Summary. We reviewed real candidate profiles to learn the best path to become an assistant program coordinator. We'll guide you through the education, experiences, and skills hiring managers look for in an assistant program coordinator.
Most companies require a assistant program coordinator to have a bachelor's degree degree in a related field, such as psychology or business.
Common job titles before becoming an assistant program coordinator include internship, administrative assistant, and volunteer.
Hiring managers expect an assistant program coordinator to have soft skills such as compassion, organizational skills, and time-management skills.
Once you have all the required skills and experience, it takes an average of less than 1 month of job training to become an assistant program coordinator.
Getting a certification as a Certified Nurse Assistant (CNA) will help you to earn more as an assistant program coordinator.
We found that 63.5% of assistant program coordinators have graduated with a bachelor's degree and 14.5% of people in this position have earned their master's degrees. While most assistant program coordinators have a college degree, you may find it's also true that generally it's possible to be successful in this career with only a high school degree. In fact, our research shows that one out of every eight assistant program coordinators were not college graduates.

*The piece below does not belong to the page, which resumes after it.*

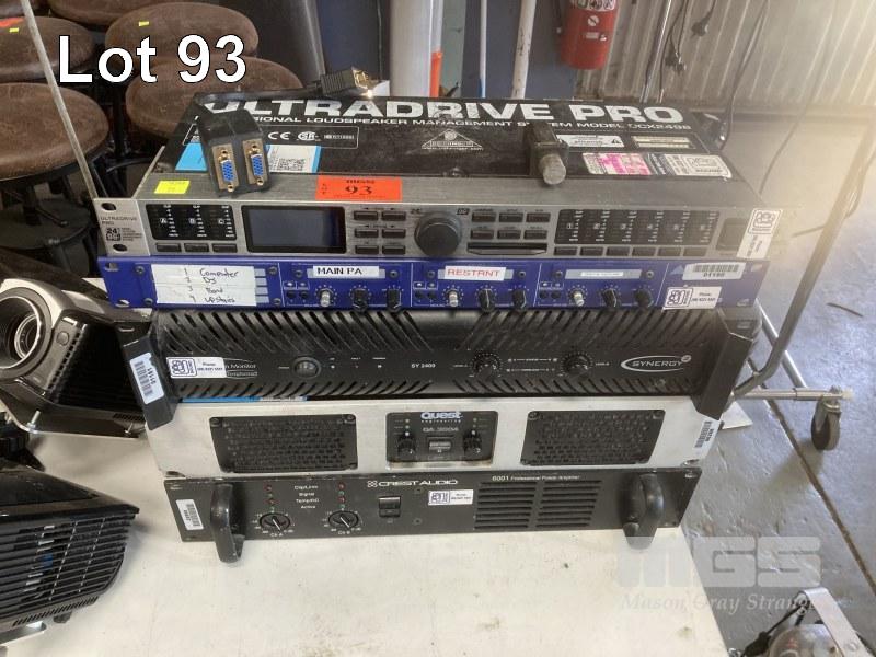 AUDIO EQUIP INCL: ULTRA DRIVE PRO DCX2496, SYNERGY SY2400, QUEST QA3004 & CREST AUDIO 6001

Those assistant program coordinators who do attend college, typically earn either a psychology degree or a business degree. Less commonly earned degrees for assistant program coordinators include a criminal justice degree or a communication degree.
If you're interested in becoming an assistant program coordinator, one of the first things to consider is how much education you need. We've determined that 63.5% of assistant program coordinators have a bachelor's degree. In terms of higher education levels, we found that 14.5% of assistant program coordinators have master's degrees. Even though most assistant program coordinators have a college degree, it's possible to become one with only a high school degree or GED.

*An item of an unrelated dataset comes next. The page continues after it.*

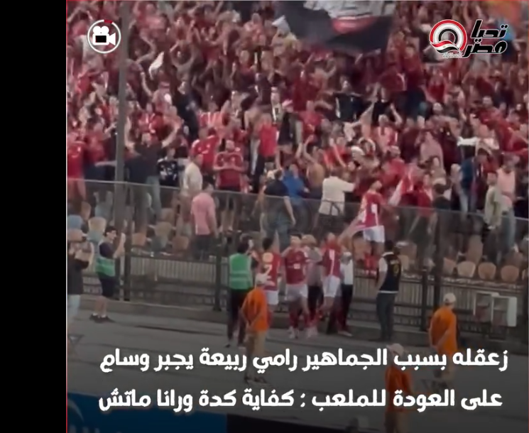 وقام رامي ربيعة بشد حسين الشحات بقوة من أجل العودة لأرضية الملعب واستكمال المباراة وإيقاف التفاعل والهتاف من جماهير النادي الأهلي من أجل التركيز في المباراة.

Choosing the right major is always an important step when researching how to become an assistant program coordinator. When we researched the most common majors for an assistant program coordinator, we found that they most commonly have psychology, business and criminal justice.
|Assistant Program Coordinator Major||Percentages|
It'll be a good idea to develop assistant program coordinator skills before applying for a job. Here are some skills commonly requested in assistant program coordinator job descriptions:
Assistant program coordinators spend an average of Less than 1 month on post-employment, on-the-job training. During this time, new assistant program coordinators learn the skills and techniques required for their specific job and employer. The chart below shows how much time it takes to gain competency as an assistant program coordinator based on U.S. Bureau of Labor Statistics data and data from real assistant program coordinator resumes.
Less than 1 month
When you decide to become an assistant program coordinator, It's important to know what duties and responsibilities are required for this position. Some common responsibilities are a part of most assistant program coordinator jobs. Here is a list of the main duties that define the role:
Finally, when you already have checked the skills and responsibilities for this role, you can start creating your resume. Everything that goes into creating a perfect resume can take hours, days, or even weeks. No worries, we created a resume builder to make this process as easy as possible with tips and examples of skills, responsibilities, and a summary.